By Ken Briodagh September 25, 2017

According to a recent announcement, ETSI and the OpenFog Consortium will collaborate to develop fog-enabled mobile edge applications and technologies. The two organizations have recently signed a Memorandum of Understanding (MOU) with intent to benefit organizations working to develop 5G, mission-critical and data-dense applications through fog computing and networking and thus reduce technical overlap across the multitude of domains.

“This OpenFog-ETSI MOU is a significant step in our efforts to build interoperability for efficient and reliable networks and intelligent endpoints operating along the Cloud-to-Things continuum,” said Helder Antunes, chairman, OpenFog Consortium and Senior Director, Cisco. “We’re now positioned to leverage our respective work to give the industry a cohesive set of standards around fog computing in mobile environments, while eliminating any redundancy in our respective efforts.”

OpenFog will work with the ETSI Multi-access Edge Computing (MEC) Industry Specification Group (ISG). The two organizations will cooperate on Information and Communication Technologies (ICT) standardization and interoperability requirements by sharing and applying selected technical work in process.

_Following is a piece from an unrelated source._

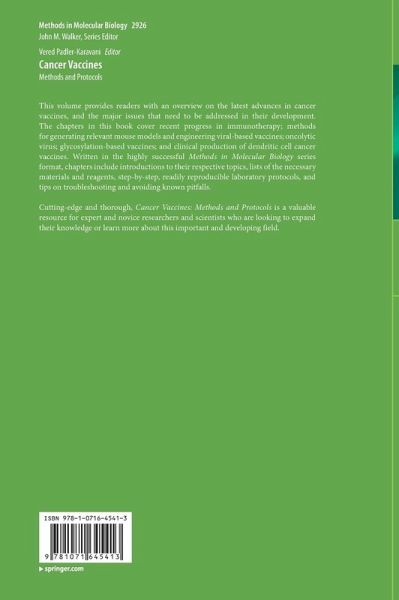 Cutting-edge and thorough, Cancer Vaccines: Methods and Protocols is a valuable resource for expert and novice researchers and scientists who are looking to expand their knowledge or learn more about this important and developing field.

MEC’s work addresses multiple multi-access edge hosts deployed by different operator-owned networks which run edge applications in a collaborative manner. The OpenFog Reference Architecture will extend the mobile edge with a physical and logical multi-layered network hierarchy of cooperating fog nodes that interface between cloud and edge, allowing for interoperability across operators.

“Establishing a cooperation framework with OpenFog represents a significant step towards adoption of our standards by the industry,” said Alex Reznik, Chairman, ETSI MEC ISG. “This alignment of a leading industry consortium and a leading standards setting organization in the fog/edge space should make it easier for both application developers and infrastructure solution providers to develop towards a common, open and interoperable edge computing environment.”

One of the first initiatives from the agreement will be focused on Application Programming Interfaces (APIs), which support edge computing interoperability. By adopting and re-using APIs across the OpenFog and MEC architectures, it will be easier for developers to create common architectures, unify management strategies, and write single application software modules that run on both OpenFog and MEC architectures.


Ken Briodagh is a writer and editor with more than a decade of experience under his belt. He is in love with technology and if he had his druthers would beta test everything from shoe phones to flying cars.